Another reason is how NPM resolves dependencies. It’s unique to many client-side package managers and many server-side. So let’s look at an example.

How Dependencies are Resolved in NPM

I have application A that depends on dependency B, and it depends on dependency C. In Java, for example, you just download them all, combine them, link them together, and you have an application.

Everything is fine, except when you start relying on a dependency C of a different version in your application. You basically get a conflict between C and C2.

In Gradle, you have to choose one of them. It forces you, and doesn’t allow you to proceed without making the choice. Sometimes they may be incompatible. And what is worse, you cannot just choose any one. The application will not compile.

What Node.js did was make it so that it doesn’t really matter. In this example, the packages in Node.js and NPM were installed for application A, and they were extracted in node_module’s folder.

The dependencies of A are directly under node_modules B and C2 here, but B has its own version of dependency C. This way, when B works with its code, and requires something from library C, it doesn’t interfere. It just goes inside - and that’s quite nice.

I mean, you don’t need to care about dependency resolution ever. Isn’t it amazing? The problem is that library C can exist four times in your application, sometimes 20, sometimes 200.

Managing Node_Modules

When you have so many files, you have to manage them, which is not that easy. You can make your application less stable if you have too many files in some areas of it.

Let’s return to our application graph. In Node.js and NPM, it is usually described with a package JSON file: you have the name, and you have the dependencies, B and C. Quite often, people set a loose dependency in the identifier to the versions, so that if the community pushes a patch, it will be automatically sucked into your application.

Here, we only list the direct dependencies, not the sub-dependencies. The problem arises when you install something on your development machine, or on your test server, and test your application all through. Here in our graph, it’s done with the B3 dependency.

Imagine everything goes fine with the test. However, let’s say you deploy to production, or you complete a production build. At that moment, the new dependency - Dependency B - gets resolved, and is patched by the community. Because of the loose versioning, your application catches the one that is the latest and the best thing.

But this is something you may not expect. Things may break - things break quite often. And even worse, sometimes a dependency or a package may be removed from the registry. Perhaps it could not be accessed because there was a network partition while you were installing.

This is not something that you want while you are developing business critical applications, but it was a problem that we faced at Facebook.

Problems Installing NPM Packages

There are two problems that I just highlighted.

Firstly, node_modules get bigger and bigger. Secondly, the same package or json installation could result in different applications. Different because the dependencies either were not available, or the dependencies had changed over time.

Ways to Stabilize NPM Installs

Let me go through some of the things that companies and people in the Node.js community do to make their applications more stable, and to make their application development cycle more predictable.

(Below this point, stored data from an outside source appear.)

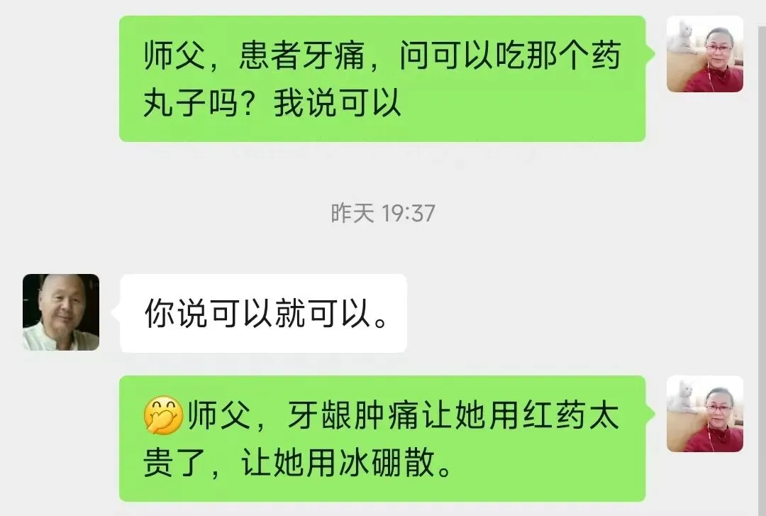 我出门在外地,患者因为牙痛联系我,我又请教了师父:
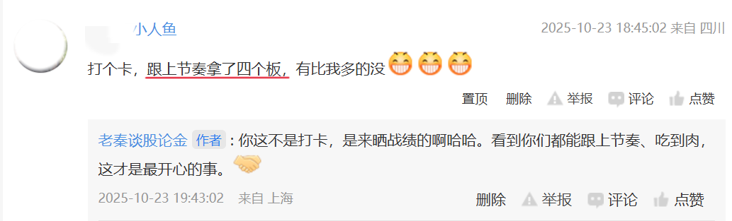 这两天没跟上节奏的朋友别灰心,市场永远有机会!多留意老秦的分享,咱们稳扎稳打,一起把错过的肉慢慢吃回来。
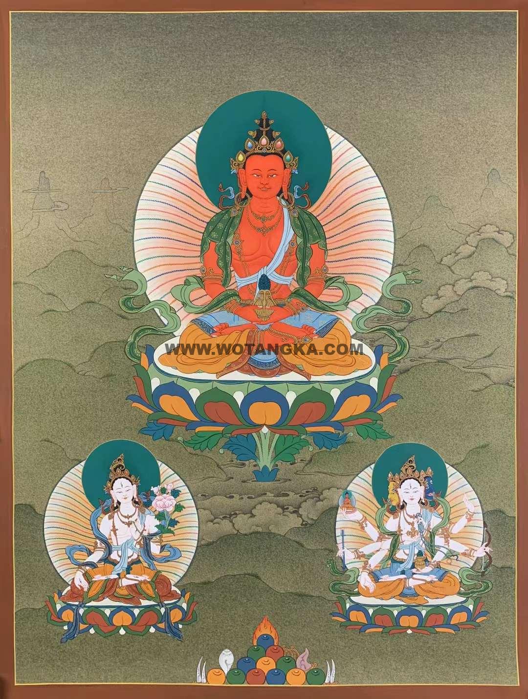 在藏传佛教中,长寿佛、尊胜佛母、白度母被认为是福寿吉祥的象征,称为“长寿三尊”,是西藏诸多寺庙中常见的佛像组合形式。长寿三尊一般以长寿佛为中央主尊,左下是白度母,右下是尊胜佛母。
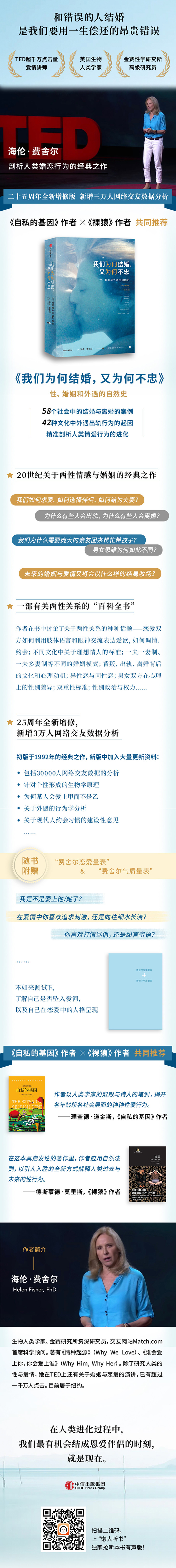 本书是20世纪关于两性情感与婚姻的经典之作,25年后根据当下的社会趋势,进行增修再版。作者是美国生物人类学家、金赛研究所资深研究员、交友网站Match.com首席科学顾问海伦·费舍尔博士。

First of all, a method called shrink wrapping.

Shrink Wrap Dependencies

As I showed before, imagine you have your packages on the same dependency graph in our application A. However, instead of package json for your installation, you generate a shrink wrap.

Shrink wrap is the same as package json, but the difference is that you list all the dependencies deep in the tree, and you freeze them. You don’t allow them to be updated. The dependencies are resolved to exact URLs of the tar.gz zip files that get downloaded remotely, unzipped - and then it works.

The only problem is, with shrink wrapping, you are still not protected from a dependency being removed from the registry. Or again, the network could be unavailable. We don’t want our build server to depend on the network connection, and neither do we want a DDoS attack on the dependency resolution on the DNS.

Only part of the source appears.